Валя Жукова, женщина пятидесяти шести лет, сидела за компьютерным столом в комнате и, время от времени поглядывая на себя в большое зеркало на стене напротив, писала письмо знаменитому телеведущему в Москву.


«Многоуважаемый телеведущий,- начала она свое послание,- я хочу рассказать правду о том, что на самом деле произошло с той пожилой несчастной женщиной, которая разыскивает свою якобы пропавшую дочь, а та просто от нее скрывается. Ведь именно это вы выяснили в своей передаче, когда показали пленку с записью из-за границы, на которой она прямо отрекается от матери?


Бедная женщина даже не представляет, какого монстра она родила! Я бы так не утверждала, если бы сама не оказалась в подобной ситуации. У меня тоже есть дочь – художница, как и та, из вашей передачи».


Валя перестает набирать текст и задумчиво смотрит в зеркало. Ей кажется, что в студии в этот момент поднимается недовольный шум и приглашенный психолог просит слово и говорит точь-в-точь, как на реальном шоу высказалась молодая журналистка:


-Если здесь собираются обсуждать отношения матери и дочери, то это нам не интересно…

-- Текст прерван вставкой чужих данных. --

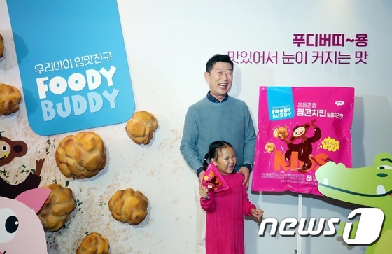 김홍국 하림그룹 회장 1일 오전 서울 강남구 CGV청담씨네시티에서 열린 어린이식 전문 브랜드 '푸디버디' 브랜드 론칭 행사에서 제품을 소개하고 있다. 하림 제공…
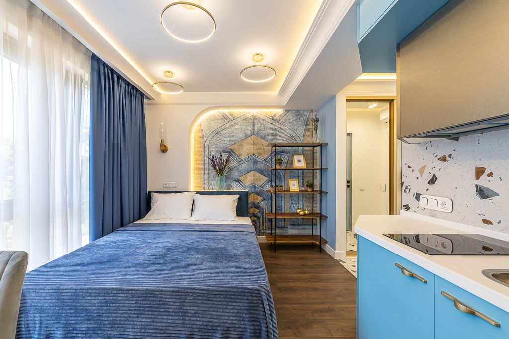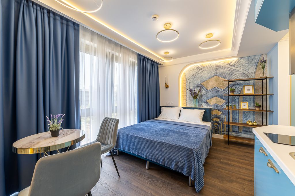 Концепция наших апартаментов основана на работах Марка Шагала, интересного необычного художника со своим видением мира, чьи произведения необыкновенно колоритны и аутентичны. Шагал создал свою собственную реальность, которая насыщена краскам и искрится чувствами. Наши апартаменты тоже не стали тому исключением, так как каждый номер обладает своим индивидуальным дизайном. Плавные переходы не замыкают взгляд на одном помещении, а заставляют воспринимать все пространство как единое целое. Это именно тот случай когда апартаменты являются целой фотозоной. Чистота и утончённость линий, дорогие материалы и парадное великолепие - все это сделает ваш отдых приятным и незабываемым. Ждём Вас в наших апартаментах «Шагал по Красной Площади».
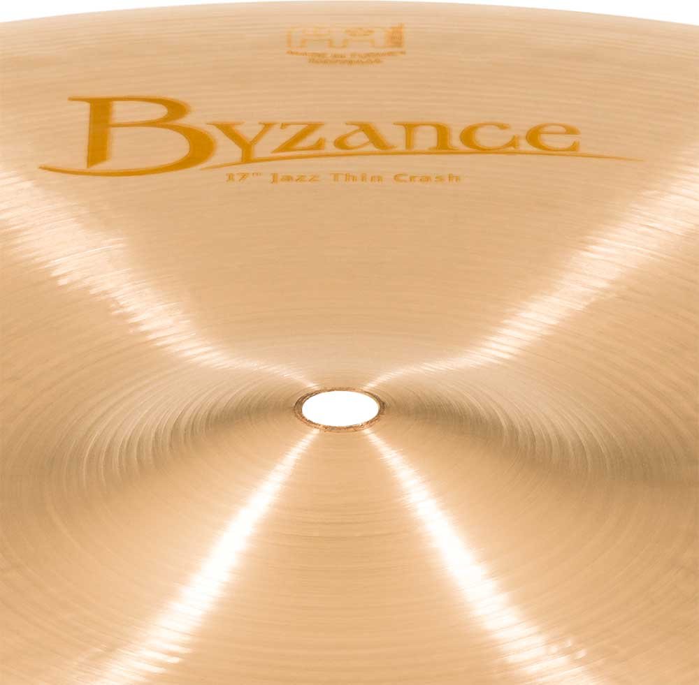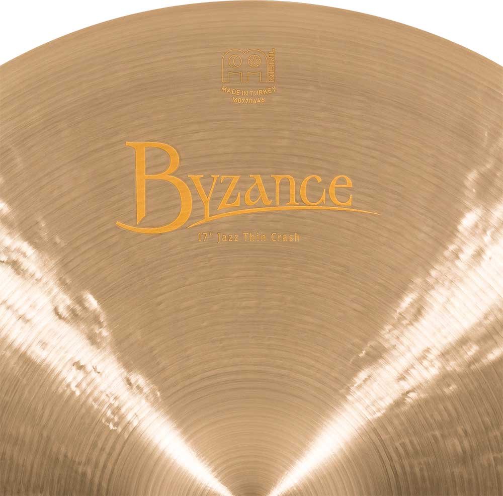 'Crash 17" Thin, Byzance Jazz Series. The Byzance Jazz series plates are handcrafted in our factory in Turkey by specialists and respecting tradition throughout the process. All plates are made with B20 bronze alloy discs. Several techniques are involved in the process, both hammering and turning. The fine turning together with the massive hammering makes this series a sound cushion for any pop, jazz, fusion environment....
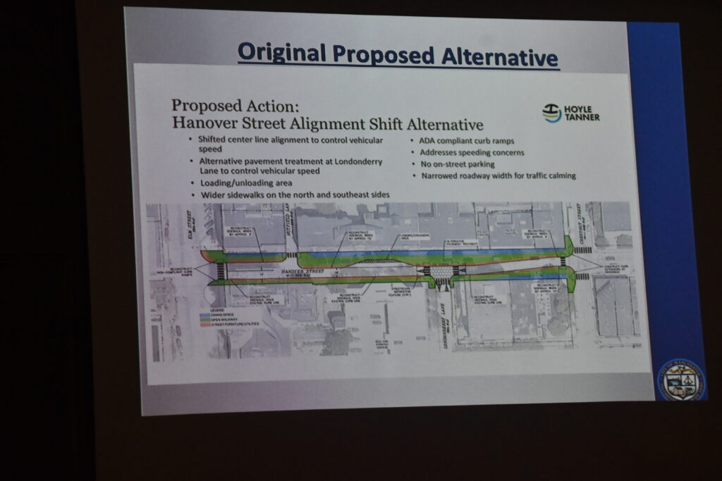 Within the proposal, the layout of Hanover Street from Chestnut Street to Elm Street, currently at three lanes, would become a “sliding” one lane street that would create enlarged sidewalks jutting into the street in certain areas and creating enlarged sidewalk bumpouts and specified pick-up/drop-off areas.
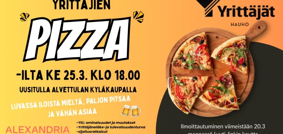 Hauho Yrittäjien ja Alexandrian yhdessä järjestämä kaikille yrittäjille avoin Pizza-ilta uusitulla Alvettulan Kyläkaupalla ke 25.3. klo 18.00
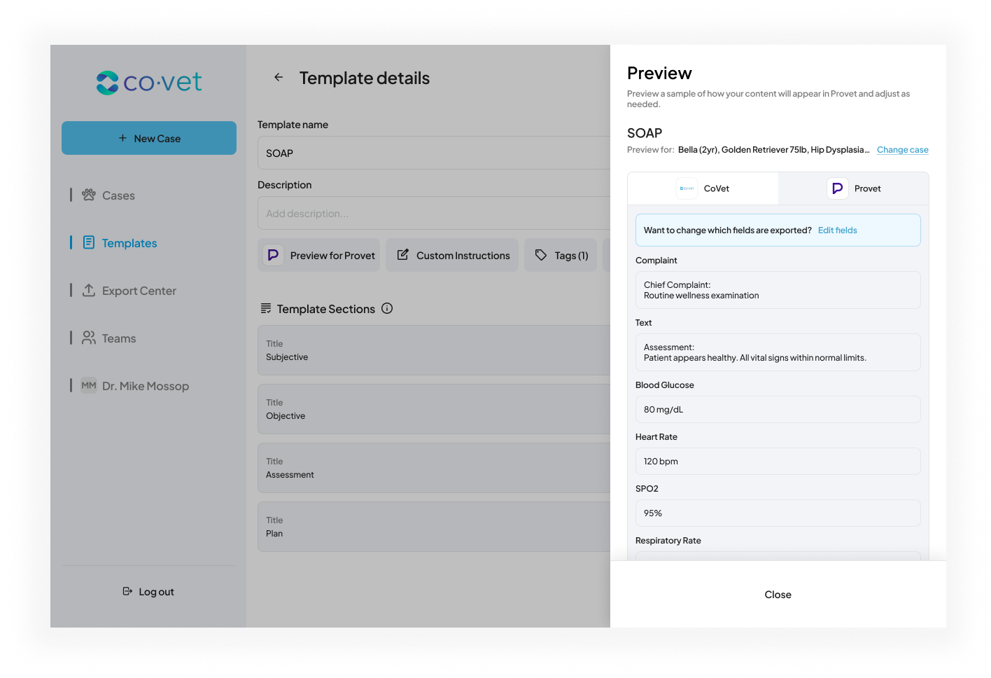 Proper mapping streamlines your workflow and helps ensure that all information is organized accurately on the Provet side. This can be done when you initial setup your Provet Integration, but here are two other ways you can map your CoVet Templates to Provet.
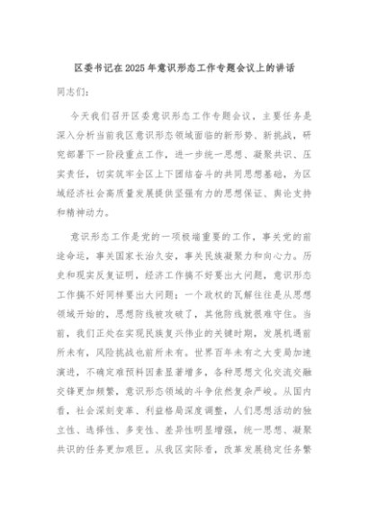 / 【七哥公文】2025年:区委书记在2025年意识形态工作专题会议上的讲话+更多免费公文+VX:QiGeGongWen2024
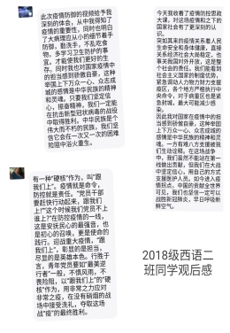 2016级英语(翻译)班党员孙许缘同学说,“看了这堂课,令我受益匪浅,我对中国抗击疫情的担当感到骄傲和自豪,对新冠病毒也有相当的认识,作为一名新时代大学生,我们要通过这场战疫更加坚定自己的使命和担当。”
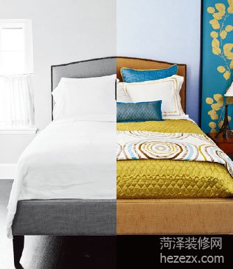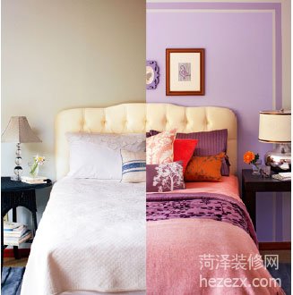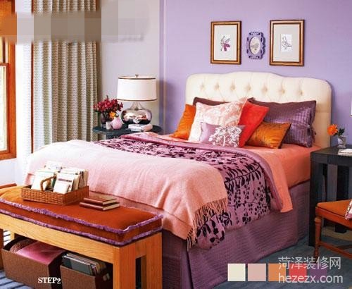 臥室原本確定為一種中性的背景氛圍,首先要做的是在其上面增加一種色彩,以此作為空間的主色調(diào)。灰、白、米色構(gòu)成的中性背景,適宜以薰衣草紫為主色調(diào),并通過深淺濃淡的變化,創(chuàng)造出浪漫溫馨的感覺。 1 、中性色彩大膽混搭 灰色的窗簾,米色床頭板和白色的床罩盡管色彩各異,卻全部統(tǒng)一在一種中性的格調(diào)中,因此可以進(jìn)行大膽混搭。 2、強(qiáng)化主題色裝飾 房間的主色調(diào)需要表現(xiàn)在一塊較大的面積上,例如床單床罩。將紫色床單作為調(diào)配色彩的起點(diǎn),然后在房間的其它地方增加或深或淺的顏色作為搭配。 3、圖案不宜過多過雜 嚴(yán)謹(jǐn)?shù)呐渖枰獔D案的協(xié)調(diào),才能避免雜亂無章。無需走極端,相同色調(diào)的枕套與鄰近色靠包搭配就是比較討巧的辦法。 4、多樣化質(zhì)地對(duì)比 天鵝絨床頭板和絲光被單給人以時(shí)尚的味道,而編織籃筐和木凳給人以質(zhì)樸的感覺。這種質(zhì)地的對(duì)比使房間顯得更為生動(dòng)。
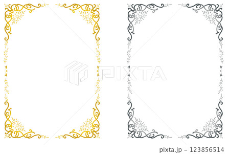 現代的なイメージを混ぜたアールヌーボー風の装飾枠。(金色と銀色のセット)
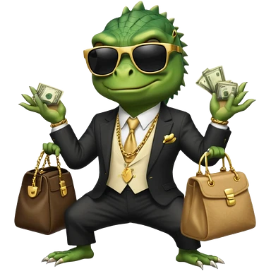 capitalist iguana banker godfather with black sunglasses breakdance with bag emoji
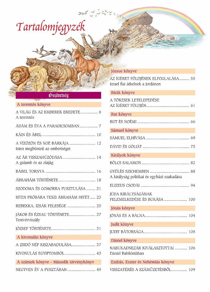 Ebben a gyönyörű könyvben a Biblia történetei elevenednek meg: a világ teremtése, Noé bárkájának és Bábel tornyának építése, József csodás álomfejtése, Mózes hősiessége, ahogy népét kivezeti Egyiptomból, az angyali üdvözlet, Jézus születése és gyerekkora, tanításai, halála és feltámadása. Ezek a történetek mindenkihez szólnak: nemcsak mesélnek, hanem tanítanak is a szeretetről, a bátorságról, az igazságról és a reményről.
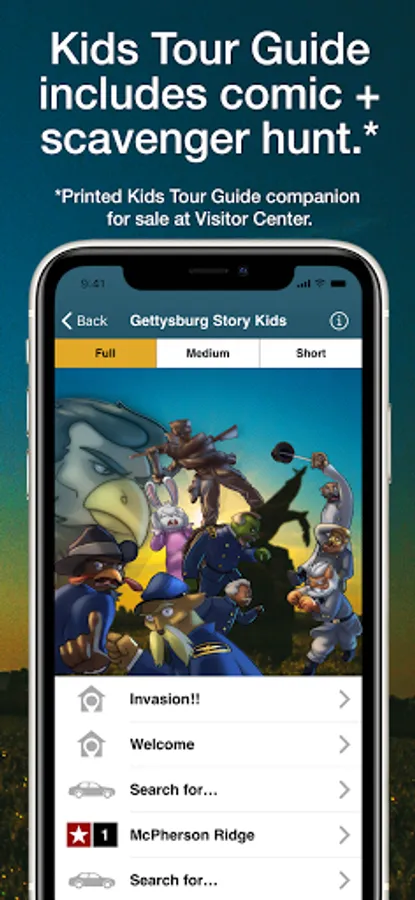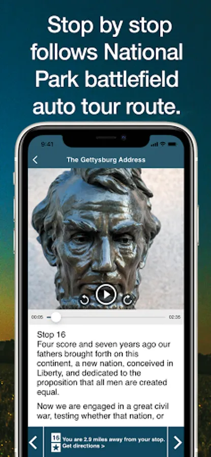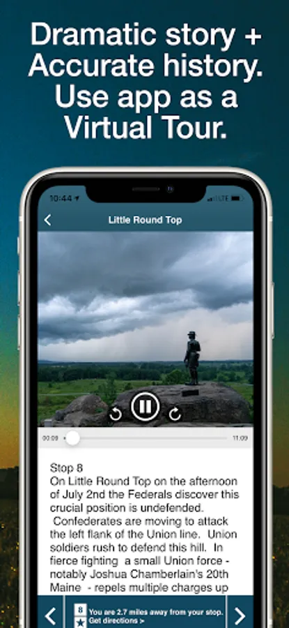 • Virtual tour, the app works off-site to tour the battlefield remotely.
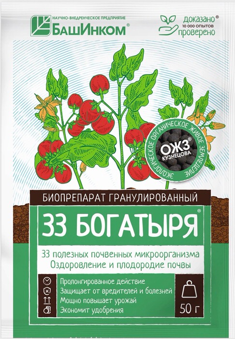 Он содержит 33 штамма полезных почвенных микроорганизмов на органическом носителе в форме гранул.
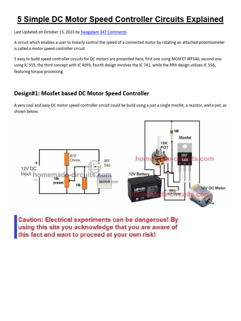 5 easy to build speed controller circuits for DC motors are presented here, first one using MOSFET IRF540, second one
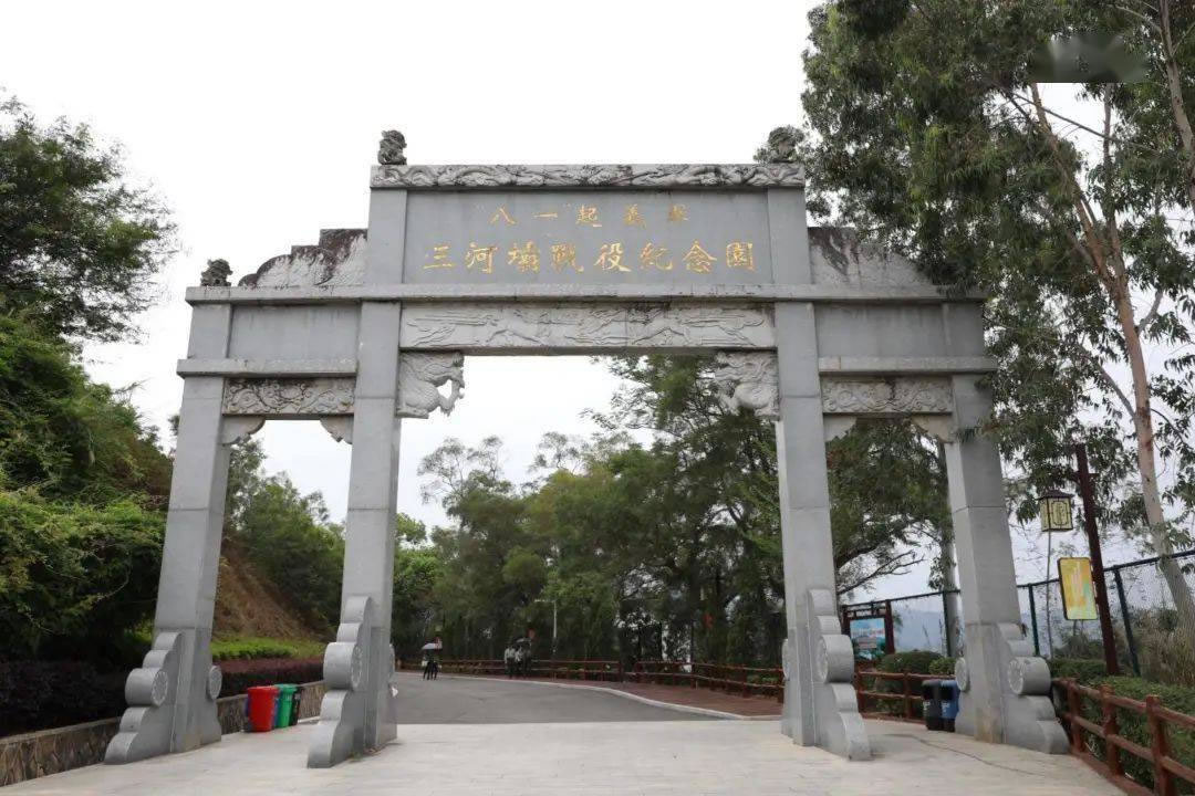 “八一”起義軍三河壩戰役紀念園位于三河鎮匯東村筆枝山頂,占地面積18萬平方米,為全國重點烈士紀念建筑物保護單位、廣東省文物保護單位、梅州市和大埔縣愛國主義教育基地,內有"八一"起義軍三河壩戰役烈士紀念碑、"八一"起義軍三河壩戰役紀念館、朱德雕塑、浮雕墻、門樓、長廊、花架、涼亭等。
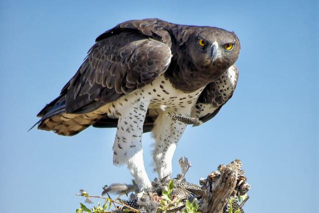 猛雕翼展2.6米,是非洲最大的猛禽。这是一种非常强壮的鸟,它甚至可以用爪子把一个成年人从地上抓起来。据估计,猛雕重约6.5公斤。从塞内加尔到索马里和南部的开普敦,这种雄伟的鸟可以在撒哈拉以南非洲的开放和半开放栖息地找到。它们喜欢捕食大型哺乳动物,如小型羚羊、猴子、爬行动物和其它大型鸟类,但不吃食腐食物。农民们经常猎杀猛雕以作惩戒,因为众所周知,它们会威胁到家畜的安全。大多数时候,这些鸟把巢穴建在它们可以直接飞出去的地方,出现两个巢穴的猛雕是相对罕见的。

Валя тяжело вздыхает , мысленно прерывает вмешавшегося психолога и продолжает набирать текст:


«Главное в этой истории и в моей, конечно, именно отношения матери и дочери. Как могло такое произойти, что дочь отрекается от родной матери и отдает в чужие, весьма ненадежные руки свекрови, матери наркомана, своего ребенка? Как это она сказала-то? « Я живу хорошо, у меня свой дом здесь, за границей, отношения с матерью я разрываю, объявляю при всех, а моему ребенку будет лучше с другими людьми…»


Я смотрела вашу передачу, и мне так было жалко эту несчастную, вконец запутавшуюся мать, которая выглядит настоящей дряхлой старухой, хотя ей всего-то лет пятьдесят, а может, и того меньше…»



Тут Валя снова смотрит на себя в зеркало, поворачивая голову то вправо, то влево, видит на шее омерзительные темные точки климактерических наростов и наклоняется над клавишами. Она продолжает:


«Почему никто из приглашенных вами специалистов, депутатов, артистов не смог ей объяснить, как ее дочь-художница, приличная девушка, стала проституткой, врагом родной матери и своему собственному ребенку? А она должна знать, что же произошло, чтобы найти силы жить дальше. Я хочу объяснить, как такое случается».


Валя снова наблюдает за собой в зеркало и прислушивается. Кажется, зал притих. Можно продолжать. Но ей не по себе. Все-таки она принимается за письмо.


« Эта несчастная женщина абсолютно не знает, кого воспитала. Она называет художественное училище, где получала образование ее дочь, техникумом. Одно это уже говорит о том, как далека ее жизнь от той, куда в семь- восемь лет от роду ушла ее дочь. Тогда она и покинула свою семью навсегда. Видимо, способная к рисованию девочка начала по чьему-то «доброму» совету посещать художественную школу. После ее окончания прошла наверняка огромный конкурс в художественное училище. Мать, конечно, радовалась, думала, что дочь получит диплом и будет работать в тепле, в красивой мастерской, не то что она сама - на сквозняках у ресторанного грязного корыта с посудой и объедками, среди вечно пьяных баб… Но ей было невдомек, какое образование получает ее ребенок. Техникум… Этот путь прошла моя дочь. Начиная с художественной школы такие дети получают академическое образование, а вместе с ним - призрачную надежду на свободное творчество, признание их талантов, большие деньги, а также – путевку в богемную жизнь со всеми ее тяжелыми пороками».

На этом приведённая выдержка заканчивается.